The small cards, bearers of a single syllable or word; the large cards showing whole series of the same, monosyllables in columns, or scattered in various orders, are more practical for reading. Those we used twenty-eight years ago could not be found anywhere, and were of our own manufacture; images corresponding to them were printed expressly for our children by the kindness of a friend; previous to 1840 there was no such thing that we were acquainted with. These cards have since spread everywhere; and images for children are plenty, if not always appropriate to reading and representation lessons. Nevertheless since so many years the method and its means and instruments have progressed in skilful hands.

404  

Confining ourselves at first to individual teaching, we use the small cards with a monosyllable or short word on each, as letters have been in our alphabet for passive lessons in the beginning, for active reading with speech as soon as we can, always observing the rule of changing frequently the order of situation, and nomination as well. Exactly in the same manner, the teaching of polysyllabic words follow that of the monosyllabic; this is the rational progression.

405  

But, considering that the method of Jacotot, introduced into the United States by R. W. Emerson, and into the N. Y. State Asylum for Idiots by Dr. Wilbur, disregards the teaching of the alphabet as introductory to reading, and is in successful application in Syracuse, we would not have insisted upon the necessity of maintaining the old divisions were it not that their slowness in teaching to read does not impede nor diminish their importance as instruments of acuteness, to give precision to the sight.

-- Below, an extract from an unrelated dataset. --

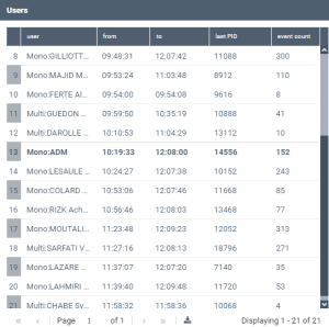 3. Click the user row you are interested in to get detailed information regarding all its events.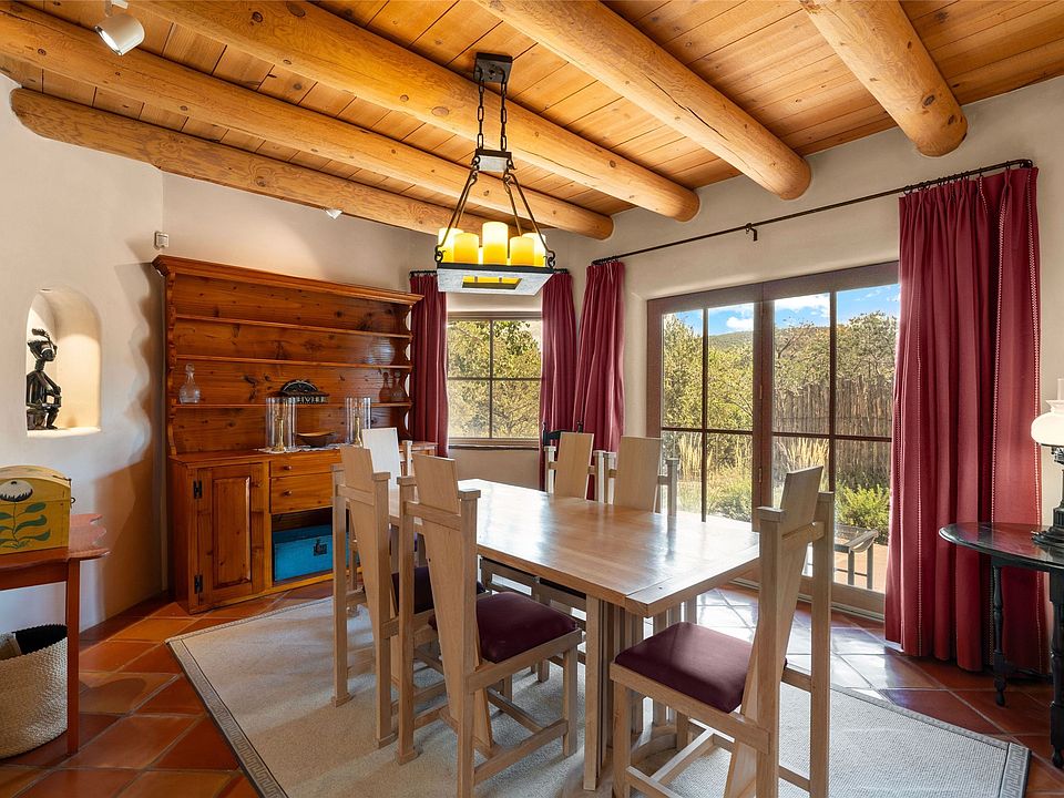 Prime Northside 3-bedroom, 2.5 home sited amidst Aspen and Piñon trees with stunning views of the Sangre de Cristo Mountains. This single-level residence features no interior steps. Embracing the iconic Santa Fe style, the home showcases Saltillo tile floors, banco seating, and elegant plaster walls, complemented by traditional vigas and latillas. Two kiva fireplaces add warmth and character. The separate dining area offers captivating views of the Sangres, creating a delightful backdrop for mealtime. The updated kitchen is designed with a large island for casual seating and French doors that open to a covered patio, ideal for outdoor dining or relaxation. The primary suite features its own kiva fireplace, along with a separate office or exercise space and an outdoor patio. Additionally, the home includes a two-car garage with extra storage, enhancing convenience. Surrounded by natural landscaping, this property offers a tranquil setting while being just under two miles from the vibrant heart of downtown Santa Fe.

And as our fundamental object is not so much the teaching of one thing or of another, as the furtherance of each function and its utmost elevation in the rank of intellectual power, we have kept the old series of comparisons elicited from the letters and monosyllables as one of our best sensorial exercises. Otherwise, subsequently to the demonstration of the practice of Syracuse, reading is taught first as last by words. The word written is read, the word pronounced is written; the speech flies like the thought, writing immobolizes and perpetuates both.

406  

Before proceeding farther we resume the exercises involved in reading. Cries have been converted by music into voices; articulation was derived from personal imitation concentrated in the organs of speech by mimicry; speech was treated as a combination of voice and articulation enforced by wants; writing was deduced from objective imitation; reading was the result of the combination of both speech and writing; letters are taught only as a study of contrast and analogy between their shapes or between their sounds; reading begins by words, each word having a shape or configuration, a name, and a meaning: hence solidarity is established between writing, reading, speaking, and soon understanding; so that the learning of one of them carries with it the knowledge of all. Written words are presented according to their difference or analogy of form; the teacher names them and the child points them out or writes them. Words pronounced by the teacher are written by the child; series of words are formed according to certain similarity or difference in their letters; other series are formed according to certain difference and analogy in their sounds when spoken. We said every word has a meaning; to write and to read implies the understanding of that meaning; everything short of it is an imposition by the teacher, or an infirmity of the pupil: let us remember this, since we shall presently begin to teach more especially reading proper.